(SOURCE RECORDS Opens)

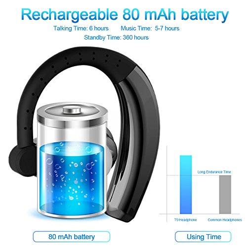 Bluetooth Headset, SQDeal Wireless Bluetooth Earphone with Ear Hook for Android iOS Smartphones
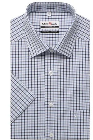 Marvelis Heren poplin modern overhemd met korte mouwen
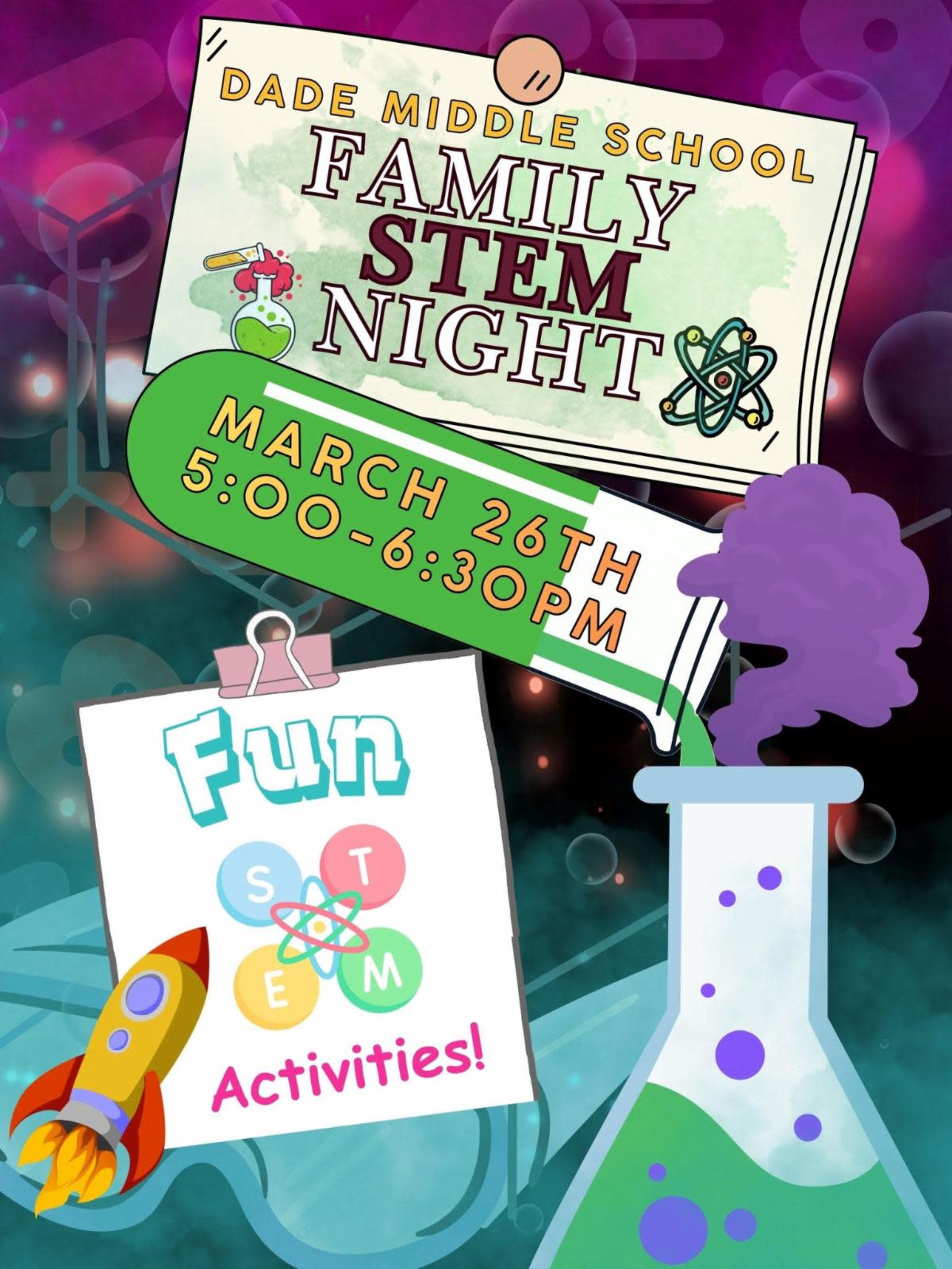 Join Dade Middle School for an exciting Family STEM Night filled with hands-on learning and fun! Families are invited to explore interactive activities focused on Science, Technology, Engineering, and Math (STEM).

(SOURCE RECORDS Closes)
(SOURCE RECORDS Opens)

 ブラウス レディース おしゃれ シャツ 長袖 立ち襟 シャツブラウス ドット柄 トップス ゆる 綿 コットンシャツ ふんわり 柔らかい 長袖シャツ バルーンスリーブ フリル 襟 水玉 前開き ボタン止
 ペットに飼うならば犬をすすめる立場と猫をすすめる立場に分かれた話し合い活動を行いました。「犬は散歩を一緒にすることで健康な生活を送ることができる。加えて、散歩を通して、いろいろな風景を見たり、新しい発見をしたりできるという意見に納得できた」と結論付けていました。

(SOURCE RECORDS Closes)
(SOURCE RECORDS Opens)

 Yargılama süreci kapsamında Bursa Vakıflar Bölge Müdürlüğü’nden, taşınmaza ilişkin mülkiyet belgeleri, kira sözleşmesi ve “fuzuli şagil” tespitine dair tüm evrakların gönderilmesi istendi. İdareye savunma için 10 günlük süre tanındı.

(SOURCE RECORDS Closes)

» TASK ITEM
Go to the line above that has "Marvelis Heren poplin" and copy exactly from there down to the line that has "Join Dade Middle", both included. Leave the pictures out.

» ANSWER
 Marvelis Heren poplin modern overhemd met korte mouwen
 Join Dade Middle School for an exciting Family STEM Night filled with hands-on learning and fun! Families are invited to explore interactive activities focused on Science, Technology, Engineering, and Math (STEM).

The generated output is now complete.